General notes —
There are a few ways to assess LV function: qualitatively and quantitatively.
Qualitative evaluation simply means eye-balling the function, is it: hypodynamic, normal, or hyperdynamic.
This skill comes with time and evaluating multitudes of scans.
Quantitative evaluation includes measurements such as E-point septal separation, fractional shortening, fractional area of change, and Simpson’s biplane method of discs.
Qualitative evaluation —
Look at the overall appearance of the left ventricle in multiple views, especially parasternal short. How well do the walls come together in systole?
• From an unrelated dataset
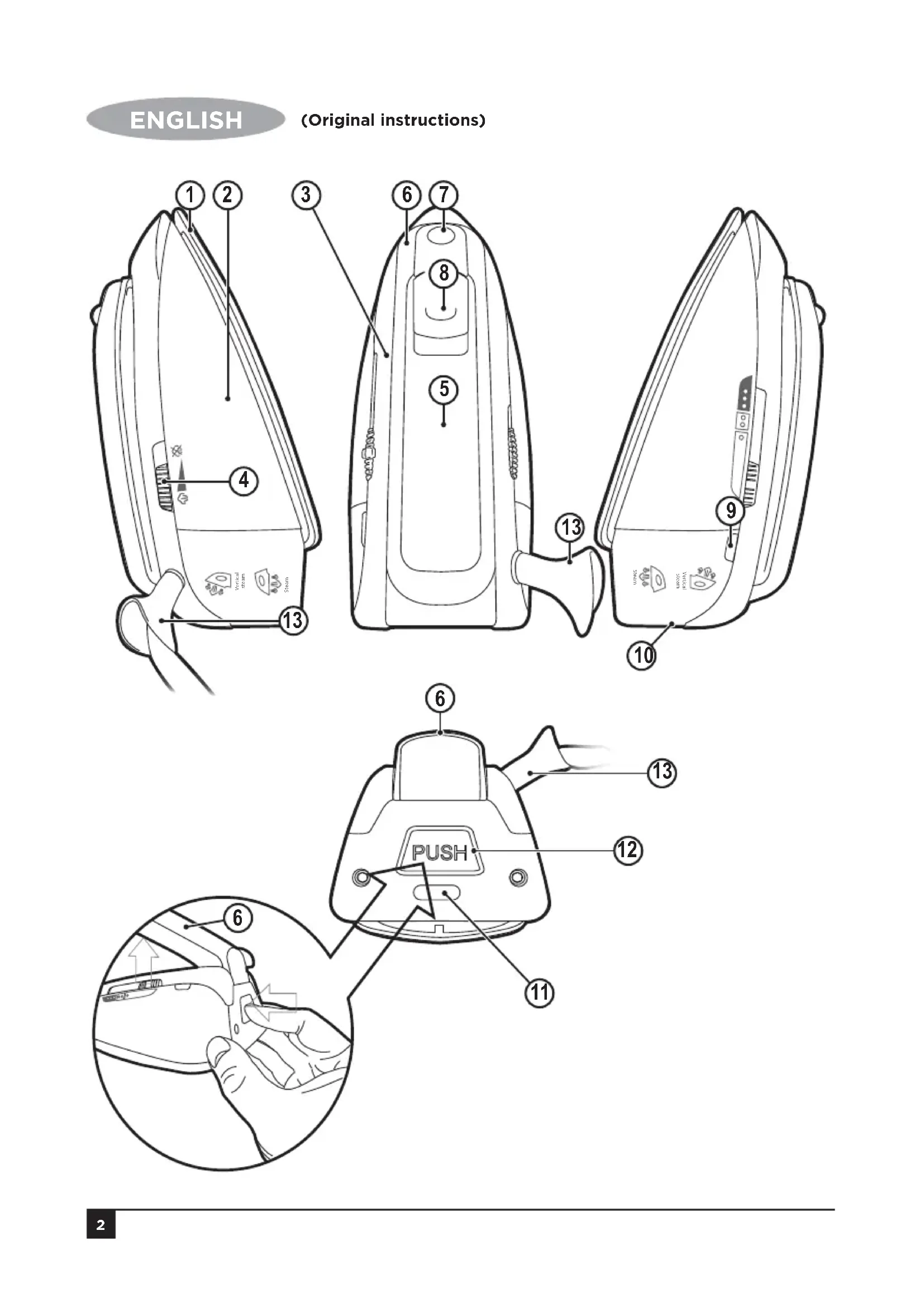 - The iron must not be left unattended while it is connected to the supply mains.(Original instructions) ENGLISH

There should be a >50% change in diameter if normal EF.
With irregular rhythms need to evaluate average, can be difficult.
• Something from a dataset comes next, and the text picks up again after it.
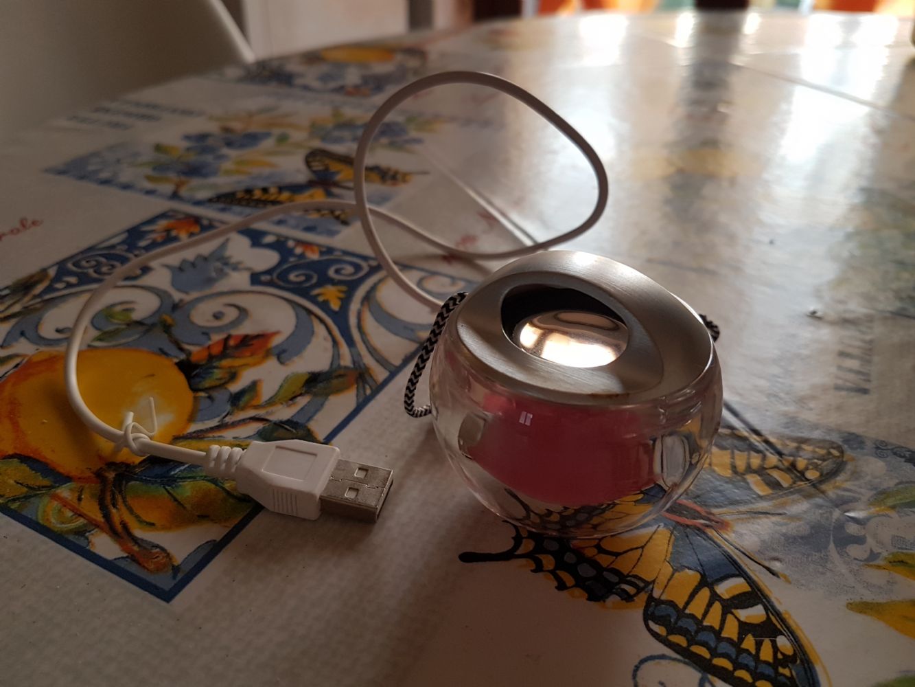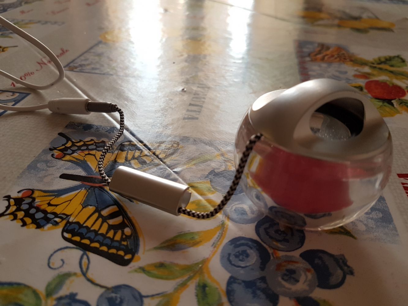 Descrizione:Piccolo amplificatore da collegare al cellulare tramite attacco auricolari, completo di cavo di ricarica, funzionante. Si illumina durante l'uso.

Look at the anterior mitral valve leaflet? Is it nearly touching the septum during diastole?
Can be limited by abnormal mitral valves or papillary muscle rupture.
This method can have a high accuracy, especially for normal and low LVEF. Can have a tendency to underestimate LV function.
Hyperdynamic LVEF (>70%)
Normal LVEF (~55%)
Moderately Hypodynamic LVEF (~35%)
Severely hypodynamic LVEF (~15%)
Hyperdynamic LVEF PSS (>70%)
Normal LVEF (~55%)
Moderately hypodynamic LVEF (~30's)
Severely hypodynamic LVEF (~15%)
Quantitative evaluation — E-point septal separation
E-point septal separation is a quantitative method of approximating LV function in the PSL view. It is not a volume assessment.
It can be a reliable method of determining LV function.
It looks at how close the anterior leaflet of the mitral valve gets to the septum during early diastolic filling, the E-point.
In a normal heart the E-point should be very close to the septum in early diastole.
EPSS > 7mm indicates reduced EF.
EPSS ≥ 13mm indicates severely reduced EF (<35%) in some references.
Limitations of EPSS:
Abnormalities of valves — mitral valve replacement, calcifications or masses, aortic regurgitation
Abnormalities of the septum — septal hypertrophy may lead to an artificially reduced EPSS.
Abnormalities of rhythm — irregular rhythms lead to a beat-to-beat variability.
One MRI study proposed this formula to elicit a numerical ejection fraction from EPSS: EF = 75.5-2.5 (EPSS in mm) — although this has limitations.